TASK DIRECTIONS:
Find the line below with "プロ講師による完全オーダーメ" and the line with "9、我们看下这张图合不合适,一版5*4m". Output exactly those lines and everything between them, leaving out the pictures.

RAW DATA:
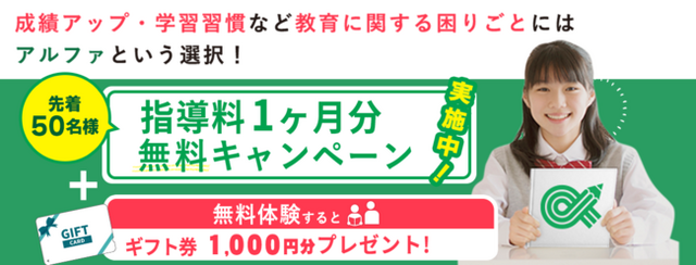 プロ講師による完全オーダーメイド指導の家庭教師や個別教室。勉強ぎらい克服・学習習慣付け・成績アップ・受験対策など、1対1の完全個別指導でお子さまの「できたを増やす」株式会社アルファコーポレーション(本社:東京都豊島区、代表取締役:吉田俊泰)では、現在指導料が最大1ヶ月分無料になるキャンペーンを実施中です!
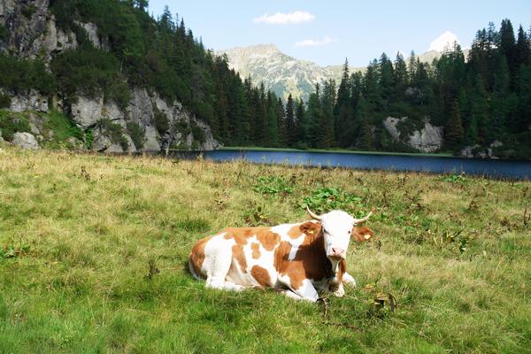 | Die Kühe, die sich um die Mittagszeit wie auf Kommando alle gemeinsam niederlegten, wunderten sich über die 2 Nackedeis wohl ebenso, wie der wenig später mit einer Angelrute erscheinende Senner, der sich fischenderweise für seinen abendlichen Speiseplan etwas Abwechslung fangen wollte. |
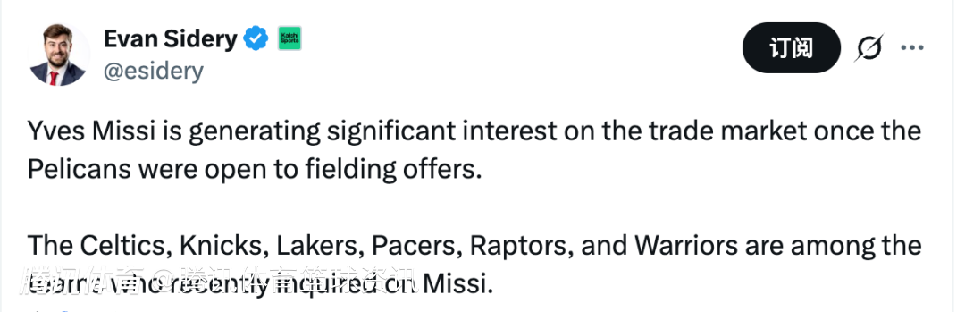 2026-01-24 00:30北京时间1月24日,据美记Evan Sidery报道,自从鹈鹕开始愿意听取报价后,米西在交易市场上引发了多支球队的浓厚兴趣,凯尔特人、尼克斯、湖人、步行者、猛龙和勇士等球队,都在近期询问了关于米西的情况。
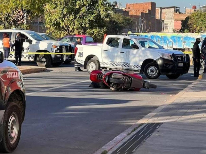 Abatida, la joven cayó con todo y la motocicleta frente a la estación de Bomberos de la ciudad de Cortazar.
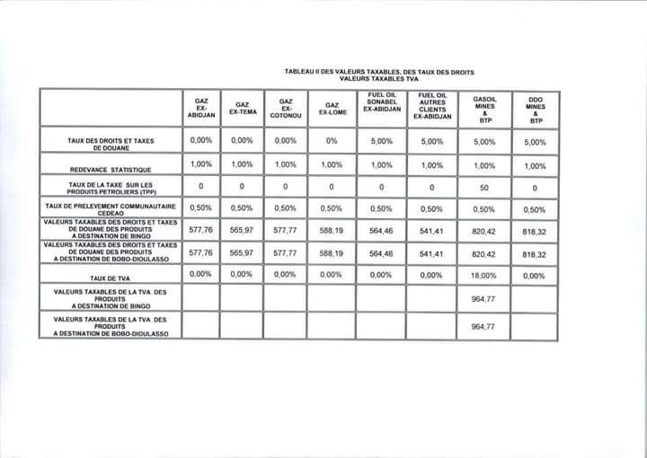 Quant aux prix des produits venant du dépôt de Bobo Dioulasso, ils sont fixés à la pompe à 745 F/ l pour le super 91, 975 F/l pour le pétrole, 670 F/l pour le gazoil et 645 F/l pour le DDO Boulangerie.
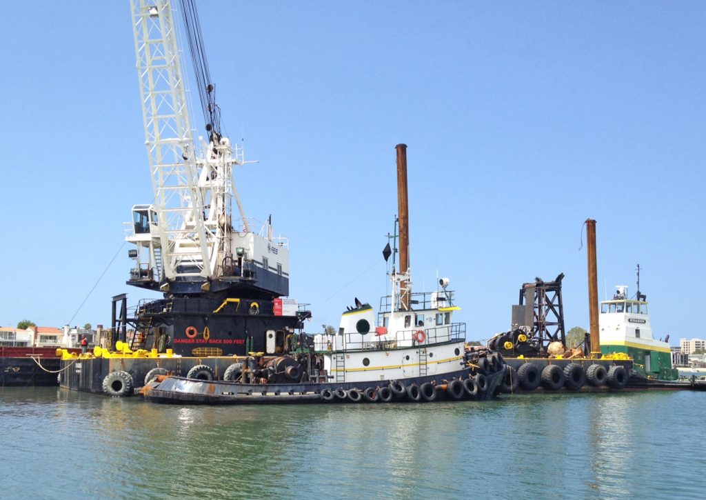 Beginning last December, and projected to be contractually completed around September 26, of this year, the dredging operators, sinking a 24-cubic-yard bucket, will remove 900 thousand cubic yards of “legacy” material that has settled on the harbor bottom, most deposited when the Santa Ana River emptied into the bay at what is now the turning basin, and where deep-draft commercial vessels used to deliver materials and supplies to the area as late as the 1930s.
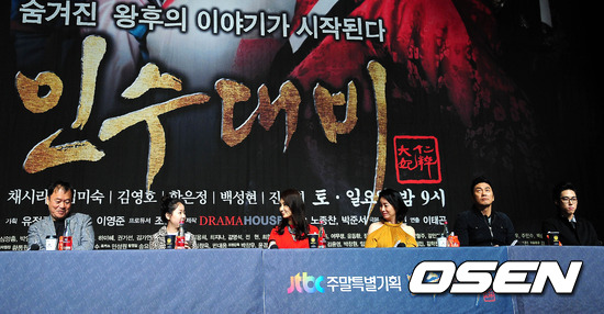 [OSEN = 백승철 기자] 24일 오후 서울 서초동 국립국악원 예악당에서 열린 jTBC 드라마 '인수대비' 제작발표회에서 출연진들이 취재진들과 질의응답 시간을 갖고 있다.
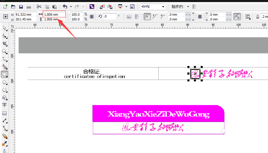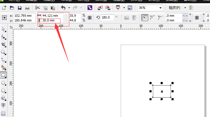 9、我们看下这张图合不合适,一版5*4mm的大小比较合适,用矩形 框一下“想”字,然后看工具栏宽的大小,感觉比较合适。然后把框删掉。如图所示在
==
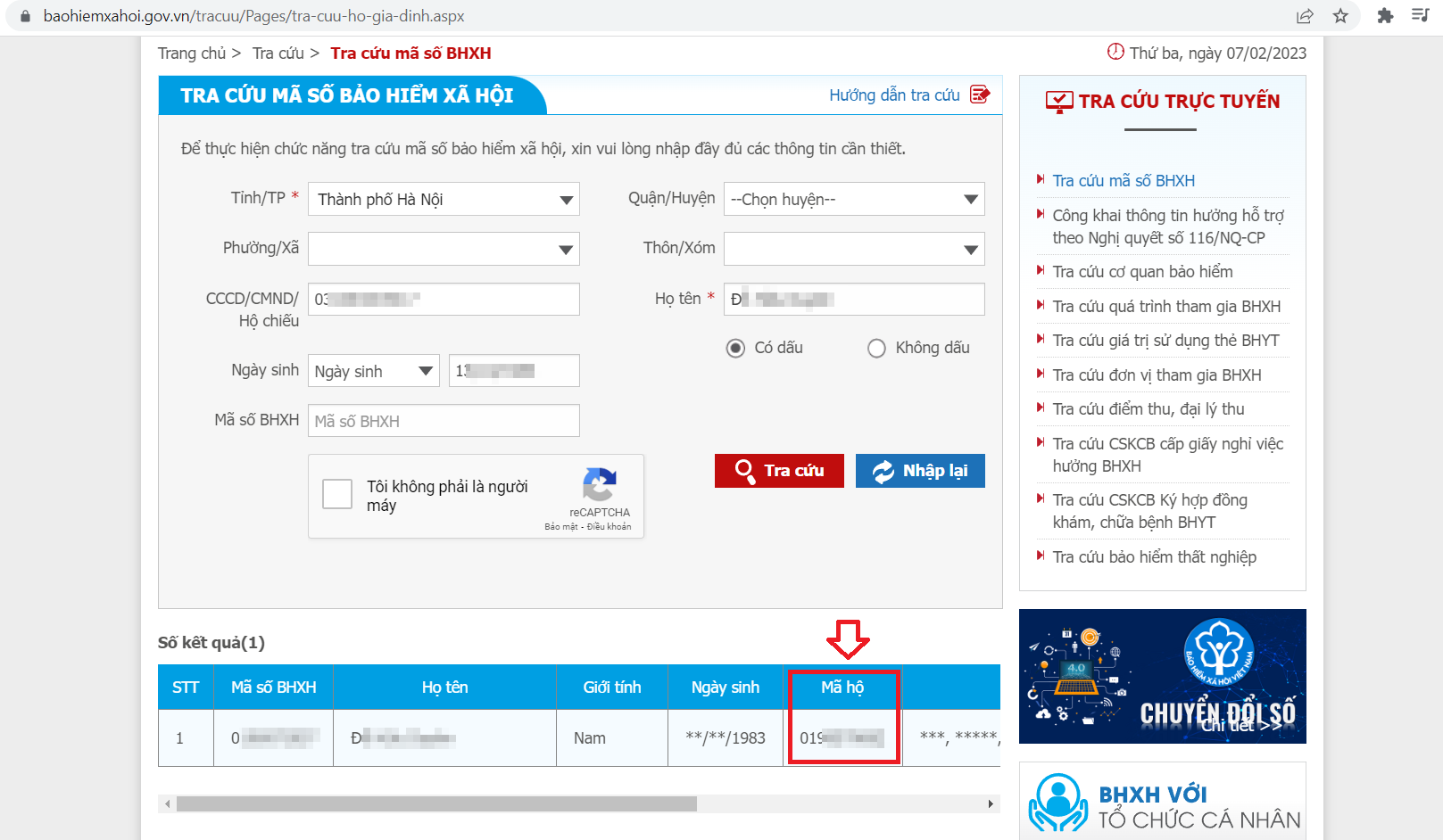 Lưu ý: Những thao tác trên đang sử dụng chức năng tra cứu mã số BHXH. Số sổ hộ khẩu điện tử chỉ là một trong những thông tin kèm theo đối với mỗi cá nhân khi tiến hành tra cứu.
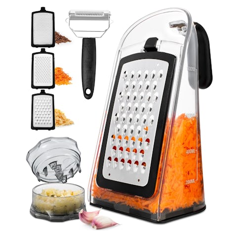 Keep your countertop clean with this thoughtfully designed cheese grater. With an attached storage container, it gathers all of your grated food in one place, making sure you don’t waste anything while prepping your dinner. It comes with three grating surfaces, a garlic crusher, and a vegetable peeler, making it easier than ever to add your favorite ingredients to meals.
--
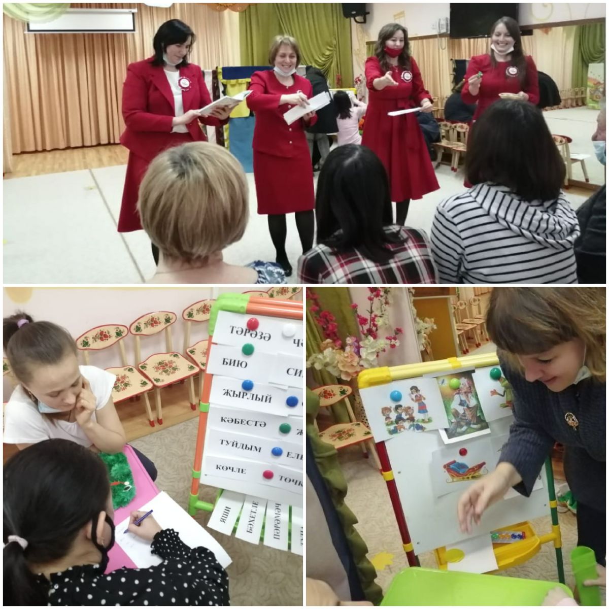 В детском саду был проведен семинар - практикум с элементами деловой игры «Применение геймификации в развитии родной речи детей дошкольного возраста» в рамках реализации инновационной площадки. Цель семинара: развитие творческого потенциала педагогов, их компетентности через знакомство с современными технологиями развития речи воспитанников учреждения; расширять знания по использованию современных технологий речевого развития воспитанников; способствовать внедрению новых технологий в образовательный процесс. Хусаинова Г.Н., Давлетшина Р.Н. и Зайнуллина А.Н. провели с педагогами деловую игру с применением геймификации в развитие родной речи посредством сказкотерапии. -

ANSWER SECTION:
 プロ講師による完全オーダーメイド指導の家庭教師や個別教室。勉強ぎらい克服・学習習慣付け・成績アップ・受験対策など、1対1の完全個別指導でお子さまの「できたを増やす」株式会社アルファコーポレーション(本社:東京都豊島区、代表取締役:吉田俊泰)では、現在指導料が最大1ヶ月分無料になるキャンペーンを実施中です!
 | Die Kühe, die sich um die Mittagszeit wie auf Kommando alle gemeinsam niederlegten, wunderten sich über die 2 Nackedeis wohl ebenso, wie der wenig später mit einer Angelrute erscheinende Senner, der sich fischenderweise für seinen abendlichen Speiseplan etwas Abwechslung fangen wollte. |
 2026-01-24 00:30北京时间1月24日,据美记Evan Sidery报道,自从鹈鹕开始愿意听取报价后,米西在交易市场上引发了多支球队的浓厚兴趣,凯尔特人、尼克斯、湖人、步行者、猛龙和勇士等球队,都在近期询问了关于米西的情况。
 Abatida, la joven cayó con todo y la motocicleta frente a la estación de Bomberos de la ciudad de Cortazar.
 Quant aux prix des produits venant du dépôt de Bobo Dioulasso, ils sont fixés à la pompe à 745 F/ l pour le super 91, 975 F/l pour le pétrole, 670 F/l pour le gazoil et 645 F/l pour le DDO Boulangerie.
 Beginning last December, and projected to be contractually completed around September 26, of this year, the dredging operators, sinking a 24-cubic-yard bucket, will remove 900 thousand cubic yards of “legacy” material that has settled on the harbor bottom, most deposited when the Santa Ana River emptied into the bay at what is now the turning basin, and where deep-draft commercial vessels used to deliver materials and supplies to the area as late as the 1930s.
 [OSEN = 백승철 기자] 24일 오후 서울 서초동 국립국악원 예악당에서 열린 jTBC 드라마 '인수대비' 제작발표회에서 출연진들이 취재진들과 질의응답 시간을 갖고 있다.
 9、我们看下这张图合不合适,一版5*4mm的大小比较合适,用矩形 框一下“想”字,然后看工具栏宽的大小,感觉比较合适。然后把框删掉。如图所示在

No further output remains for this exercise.